Adverse neuro-immune-endocrine interactions in patients with active tuberculosis

BOTTASSO O; BAY ML; BESEDOVSKY H; DEL REY A

MOLECULAR AND CELLULAR NEUROSCIENCES.

ACADEMIC PRESS INC ELSEVIER SCIENCE

Lugar: Oxford; Año: 2013 vol. 53 p. 77 - 85

1044-7431

The nervous, endocrine and immune systems play a crucial role in maintaining homeostasis and interact with each other for a successful defensive strategy against injurious agents. However, the situation is different in long-term diseases with marked inflammation, in which defensive mechanisms become altered.
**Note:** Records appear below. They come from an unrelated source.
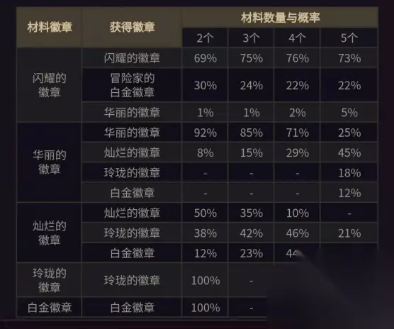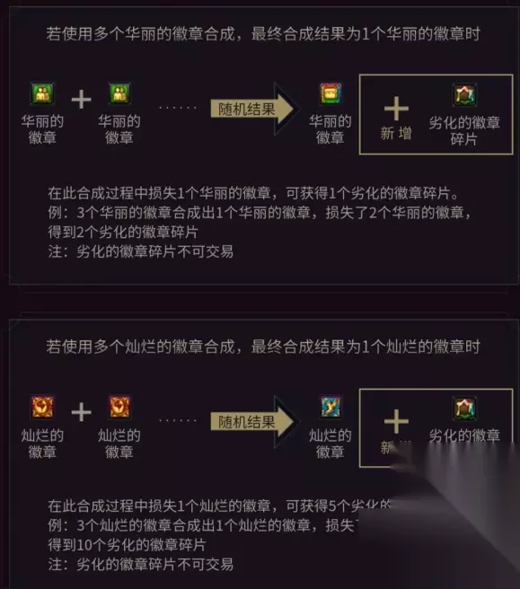 2、合成徽章会让徽章的等级和效果改变。 3、想要合成华丽以下等级的徽章,直接放入五个低等级的合成即可。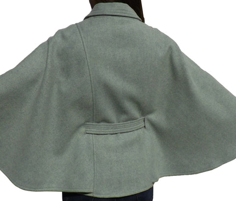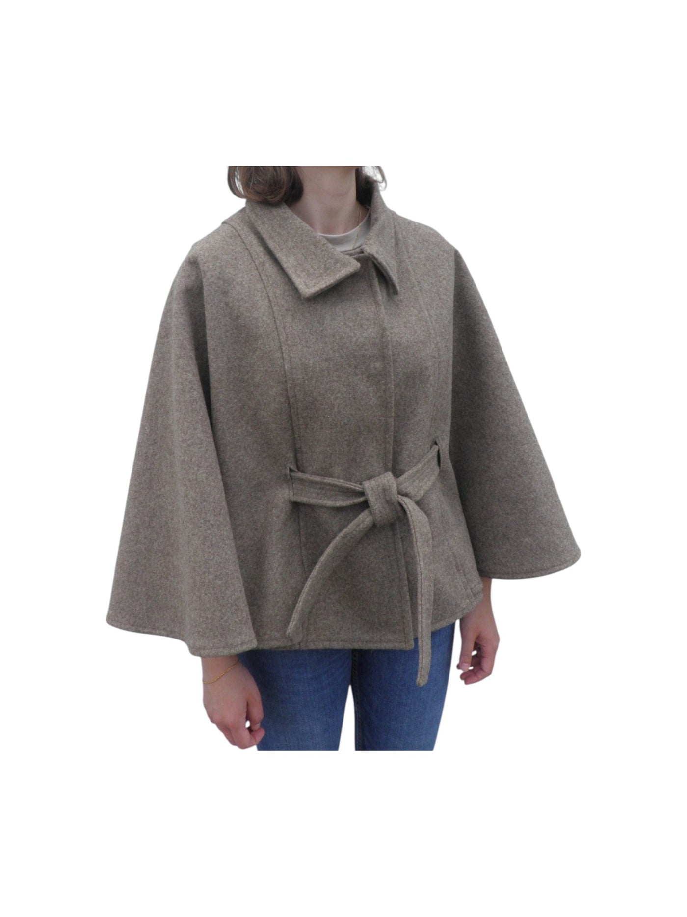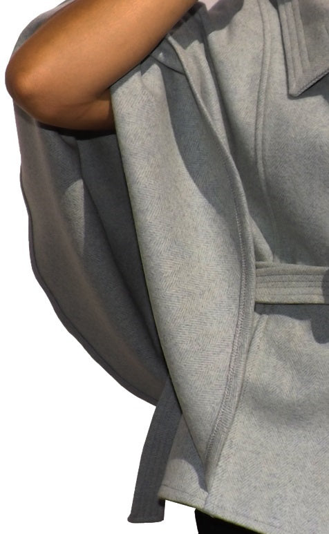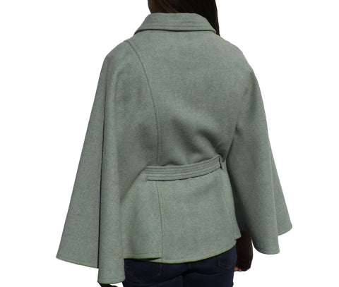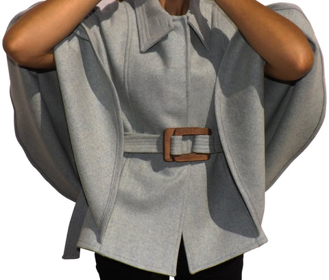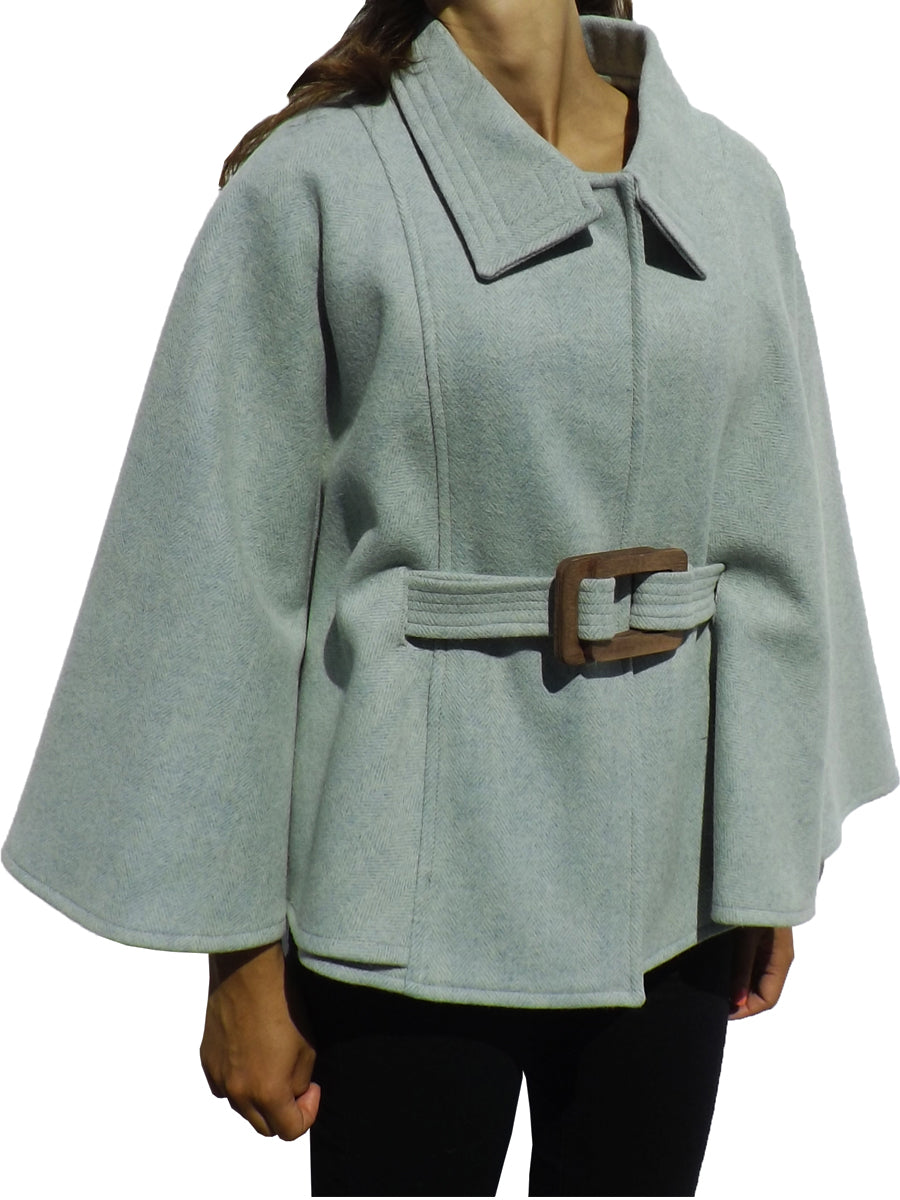 Capa curta confecionada em burel. Manga longa. Fecha com molas ocultas. Cinto ajustável.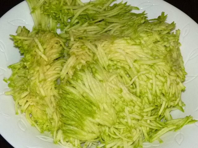 Кабачки натереть, посолить. Отставить на время, пусть стечет сок.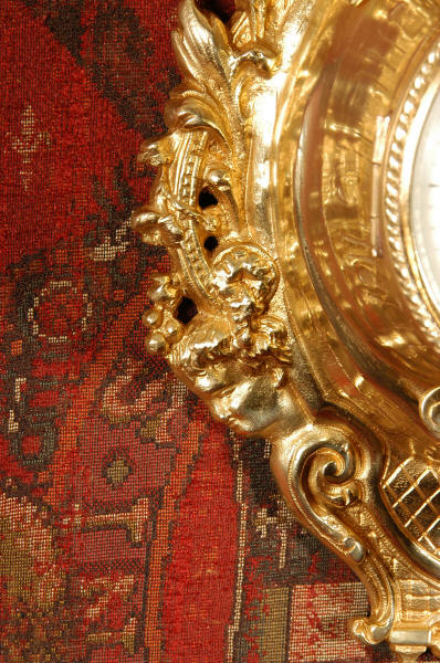 lions mask above the dial and an urn with flaming finial. To the side of the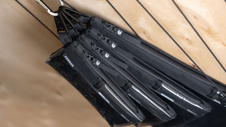 Parallellt med att ta fram väskorna utvecklade företaget också en väggförvaring som fått namnet CRDWALL där man med krokar kan hänga upp utrustning.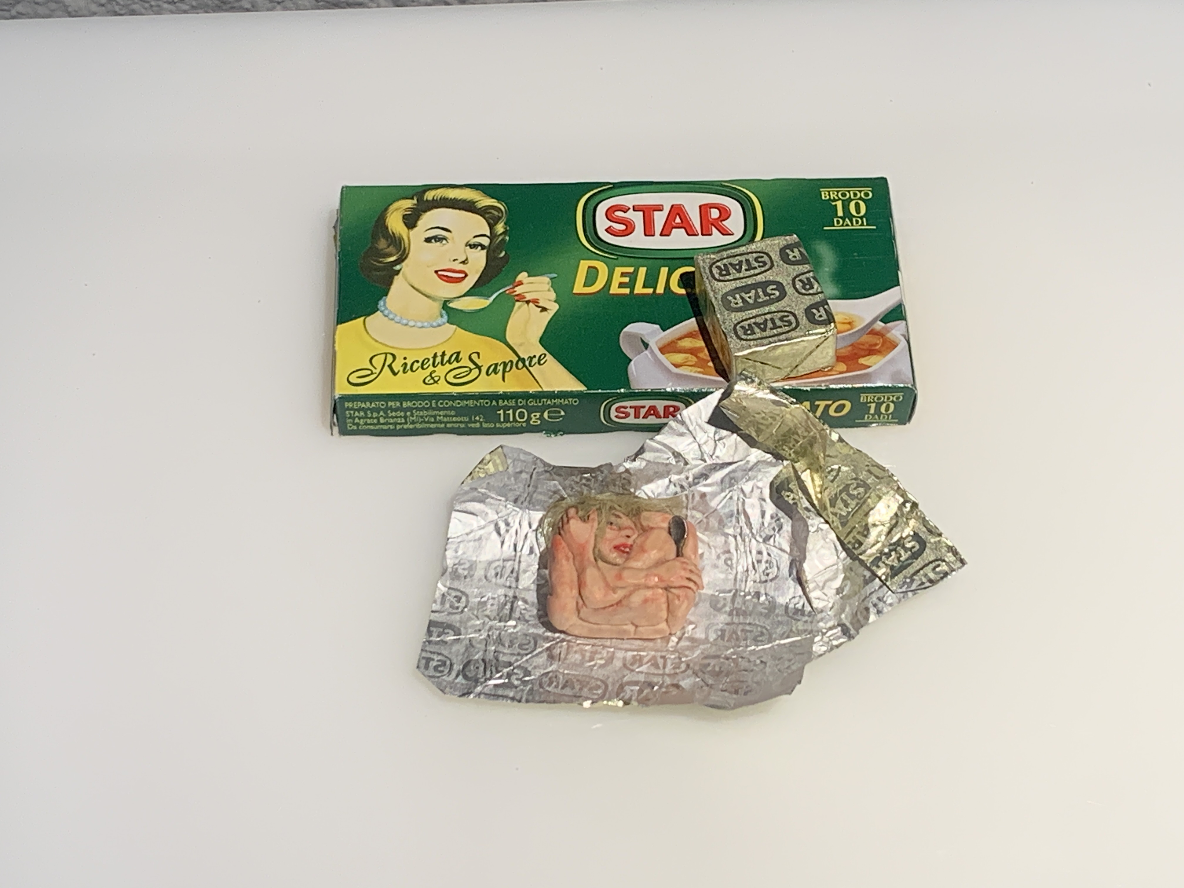 껌의 패키지가 보이고 껌종이 안에 사람이 구겨져서 들어가 있다. 사람을 현실적이게 너무 잘 표현해서 기괴해 보였다. 그리고 내 추측이지만 저 패키지의 여성분과 안에 껌은박지 안에 들어간 사람이 동일인물이 아닐까..라고 추측해 본다. 금발의 머리, 빨간 입술, 들고 있는 수저가 비슷해 보이기 때문이다. 이 작품의 제목은 역설적이게도 <I wished>였다.

In the case of tuberculosis (TB), this is highlighted by several facts: an imbalance of plasma immune and endocrine mediators, that results in an adverse environment for mounting an adequate response against mycobacteria and controlling inflammation; the demonstration that dehidroepiandrosterone (DHEA) secretion by a human adrenal cell line can be inhibited by culture supernatants from Mycobacterium tuberculosis-stimulated peripheral blood mononuclear cells –PBMC- of TB patients, with this effect being partly reverted when neutralizing transforming growth factor-b in such supernantants; the in vitro effects of adrenal steroids on the specific immune response of PBMC from TB patients, that is a cortisol inhibition of mycobacterial antigen-driven lymphoproliferation and interferon-g production as well as a suppression of TGF-b production in DHEA-treated PBMC; lastly the demonstration that immune and endocrine compounds participating in the regulation of energy sources and immune activity correlated with the consumption state of TB patients. Collectively, immune-endocrine disturbances of TB patients are involved in critical components of disease pathology with implications in the impaired clinical status and unfavourable disease outcome.